In the aftermath of massive, serial zoning overlays by the City Council, there's a strong sense among neighborhoods that developers are again running City Hall.

That perception only hardened when it was revealed that the student-housing builder, Chicago-based Campus Acquisitions, was intimately involved in helping city planners create an overlay zone in the West University Neighborhood.

Now the neighborhoods want to take some of that power back. The first step was creating an organization that existed at arm's length from the city and its various organs, including the Downtown Tucson Partnership, and a group called the Downtown Neighborhoods and Residents Council, or DNARC.

Richard Mayers is vice president of the West University Neighborhood Association. If he already had doubts about participation in DNARC, watching construction of the 756-bedroom District apartment complex near Sixth Street and Fourth Avenue sealed the deal.

West University had fiercely opposed the project, a stance that neighborhood reps like Mayers parlayed when they rubbed shoulders with developers and city officials at DNARC. "But at the end of the day, it didn't get you anywhere," he says. "By the time it gets to mayor and council, we get The District in our neighborhood. I don't think they were aware of us at all."

Others defend DNARC, and its mission of reaching across boundaries. Among them is Michael Keith, CEO of the Downtown Tucson Partnership, and a leading partner in the group. "I think the effectiveness of organizations is always based on the strength and passion of their members," he says, "and we're proud of the group at DNARC. We talk about neighborhood issues and how that might interface with downtown-development efforts. We try to provide a forum—like we do for all the groups at the partnership—to express their views."

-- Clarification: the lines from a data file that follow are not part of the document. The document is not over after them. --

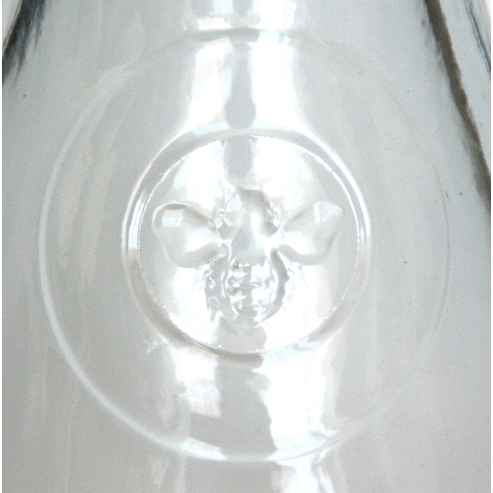 Dekanter in schwungvoller Formgebung mit Bienen-Motiv (Relief). Schlichte Eleganz - zum Servieren von Wasser, Eistee, Saft, Wein, Milch, etc. Als Blumenvase verwendet ein stimmiges Wohnaccessoire.
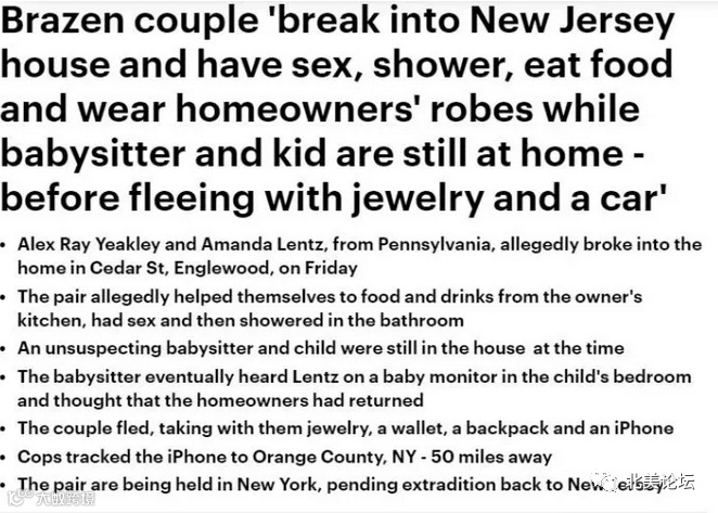 案件发生在新泽西州恩格尔伍德雪松街,那一带是相对比较富裕的街区。上个星期五的晚上,来自宾夕法尼亚州的雌雄双煞Alex Ray Yeakley与Amanda Lentz不请自来,偷偷溜进这里的一处高档住宅。
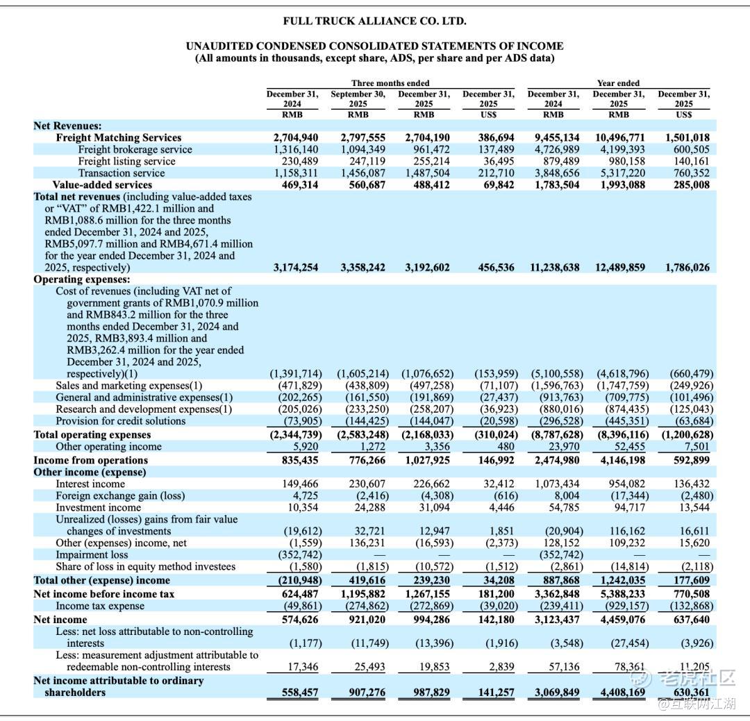 先说结论:虽然2025年满帮集团净利润同比增长42.8%,但满帮可能并没有真正意义上进入财务上的收获期。
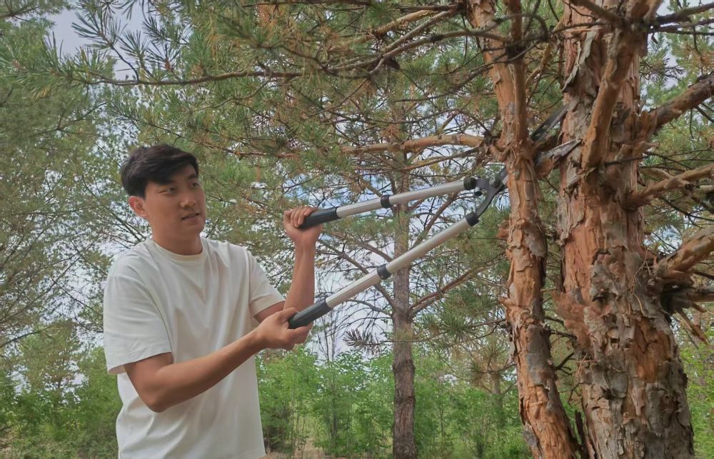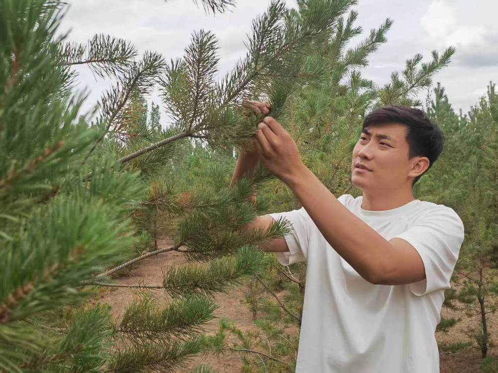 2017年,在爺爺?shù)膸ьI(lǐng)下,石健陽(yáng)正式投身植綠事業(yè)。“過(guò)去沙害嚴(yán)重,老一輩治沙人最迫切的是要定住風(fēng)沙,讓地面先綠起來(lái),所以當(dāng)時(shí)的樹種主要是生長(zhǎng)快的楊樹。”石健陽(yáng)說(shuō),“幾十年過(guò)去,楊樹林老化嚴(yán)重,出現(xiàn)大面積枯死的情況。我們現(xiàn)在陸續(xù)對(duì)老化的林地進(jìn)行樹種更換,補(bǔ)種四季常青、生命周期更長(zhǎng)的樟子松,目前已經(jīng)補(bǔ)種了5萬(wàn)畝?!?/p>

Still, it sometimes appears that certain views are expressed more equally than others. At least that's one conviction behind the formation of CoreBANC. Another is that neighborhoods must offer mutual support when facing off against powerful, moneyed interests or overly ambitious bureaucrats.

Not coincidentally, nearly all of the issues bringing them together involve transportation. The issues, of course, include the modern streetcar, which will run from the university area across Interstate 10, connecting with the Menlo Park Neighborhood. While Menlo Park supports that project, "there are concerns related to the development that will result as the streetcar goes in," says neighborhood association president Gene Einfrank.

Another member of the fledgling CoreBANC is the Santa Rita Park Neighborhood, which has tussled with the city and the Regional Transportation Authority over a voter-approved widening of 22nd Street between Interstate 10 and Park Avenue—a project that threatens several homes and businesses. That construction is currently on hold, after a citizens' advisory group raised environmental concerns and other worries. When reached by phone, association president Angie Quiroz declined to comment on her neighborhood's involvement in CoreBANC.

Over in the Dunbar/Spring Neighborhood, meanwhile, Natasha Winnik contemplates shutting down her business sooner rather than later, as buildings are demolished all around. To her, each swing of the wrecking ball is an indictment of Tucson's leaders.

"They just don't seem to appreciate the fabric of their city," she says, wiping light dust from a rich brown tile, before turning to walk away.